Critics of insurance claim that one of the major flaws is that it is very similar to gambling and hence is unethical – at the end of the day we all know that in Vegas the house always wins. However, they are idiots and haven’t a clue about what insurance really is – and insurance companies DON’T always win (okay, I should not dig myself a hole here). But insurance is never a wager – far from it. I would go as far as saying that insurance is truly the backbone of a robust economy – no insurance, no economy.At the end of the day, it’s because of insurance that businesses can truly thrive in their core function and not worry about operational hazards – without insurance, we would see competent factories go bankrupt because of an unfortunate accident or fire! In addition, the insurance industry, using the significant amount of capital gained by insurance premiums (before claims are paid), generates a significant amount of investment back into the economy – contributing greatly to the national income multiplier. Let’s not forget that it was the insurance business that was at the core of Warren Buffet’s great success. Okay, so enough about how great insurance is – what is insurable interest? Well, it’s precisely because of this principle that we can explain to the critics of insurance that it is everything except a wager.
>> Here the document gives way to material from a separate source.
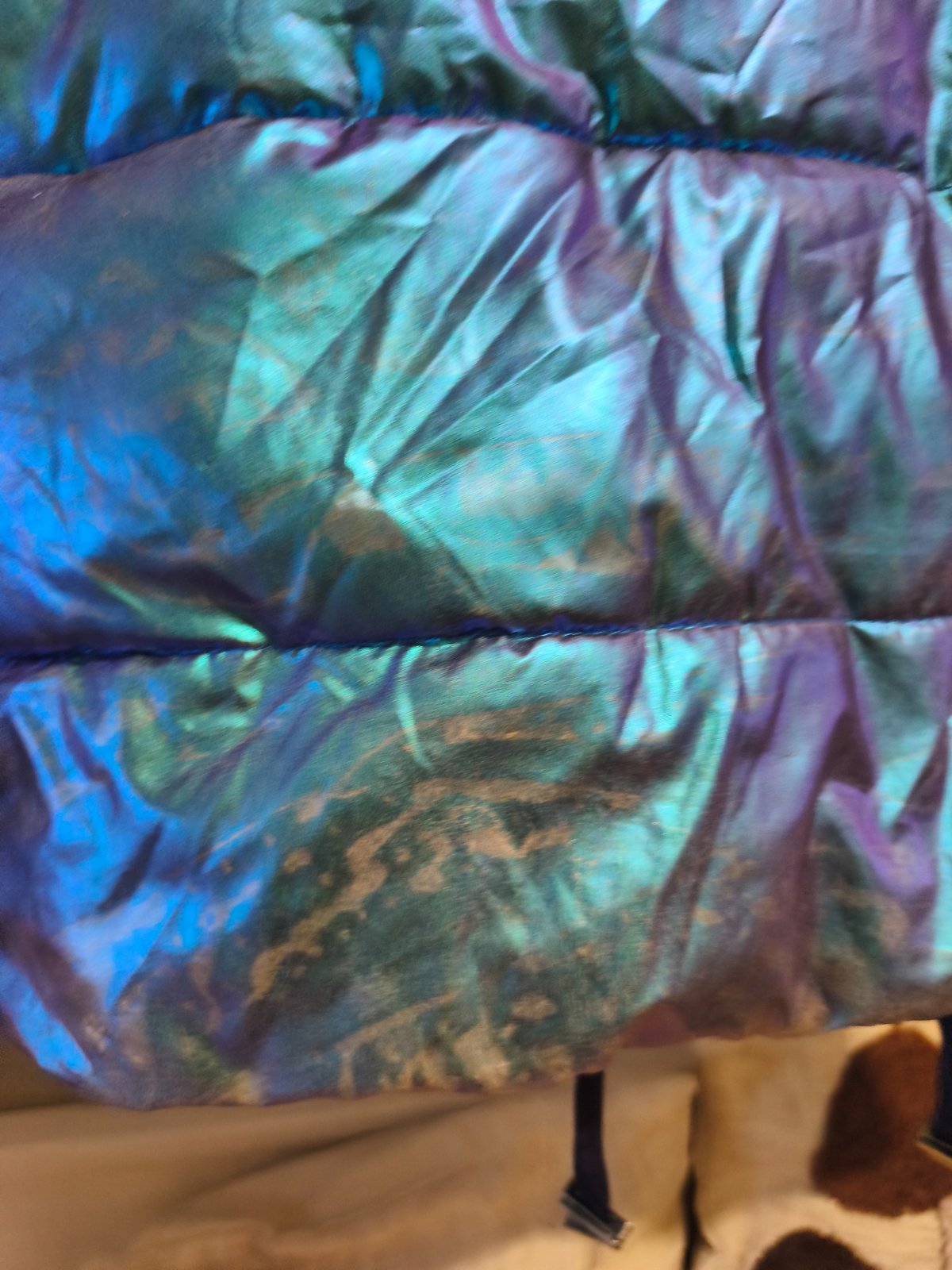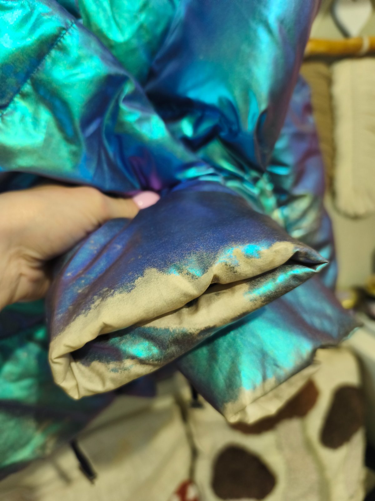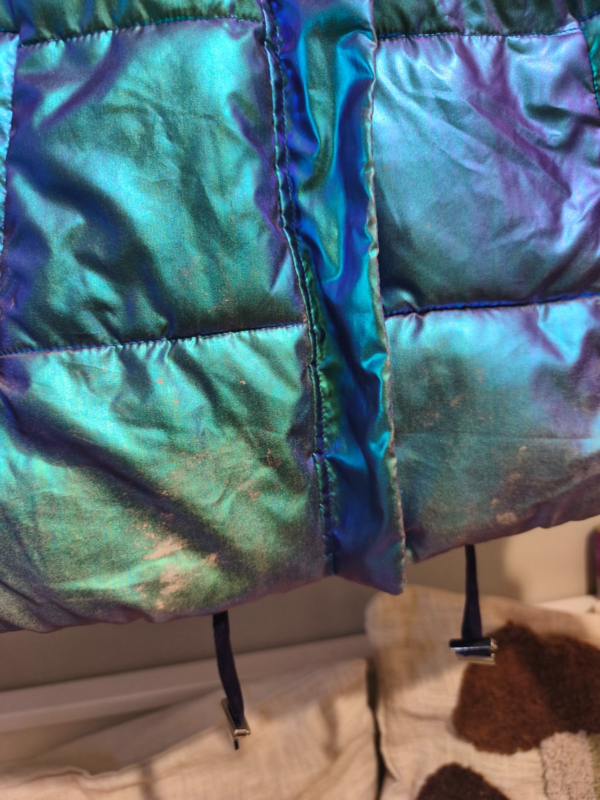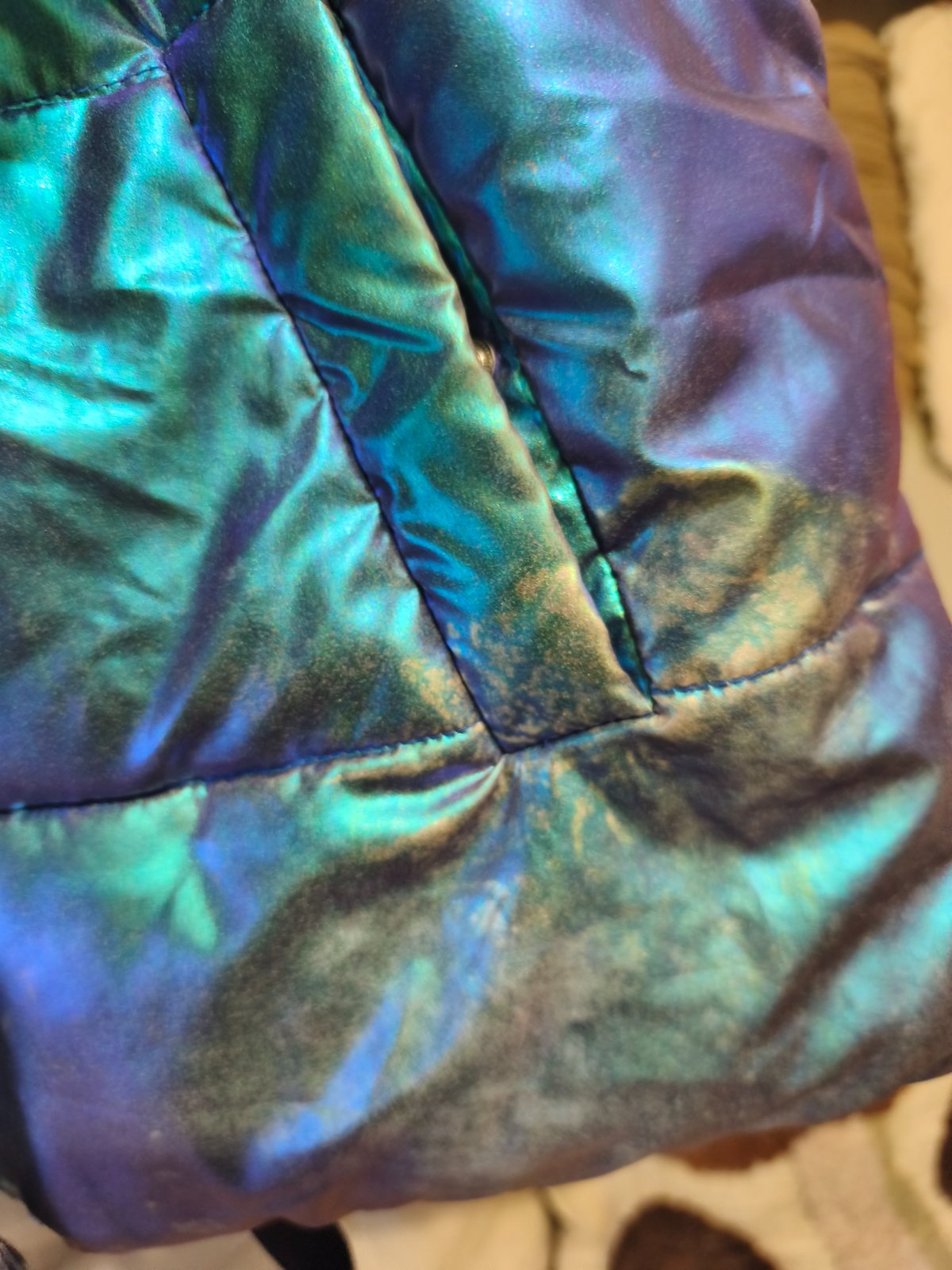 Holografická bunda Mohito 32, sedí i XS/S, na triko sedí i na M, odlesky modré a fialové, bohužel ošoupaná viz fotky, než vyhodím, zkouším nabídnout zde zdarma k objednávce nebo dle dohody...

In a contract of insurance, for a claim to be payable, it is absolutely essential that the conditions brought about by the principle of insurable interest are met. Without going into the caveats to this when looking at different classes of insurance (for example in marine insurance you just need it at the time of the loss whilst in property it is required at the time of inception, loss and claim), insurable interest in simple terms is just that the person claiming should actually have incurred a loss themselves and the insurance policy therefore performs to put them in the same financial position as they were prior to the loss (this is the insurance principle of indemnification, the next article!). As a result, if there is no insurable interest, there is no insurance cover as otherwise the claimant would benefit from the claim being paid. With this simple principle, insurance suddenly becomes this great boon to mankind from just a mere gamble on whether a loss will occur or not!
So, if you own a property, you can insure it. If you rent a property, you can’t insure the property (as it doesn’t belong to you but rather to the landlord) but you can insure the contents that you own. At the same time, you may have to pay for damage to the property if you cause the damage due to your negligence – so you would purchase a liability policy to insure your duty of care towards your landlord. Here we go – insurable interest – you can only insure it if you stand lose financially! Voila!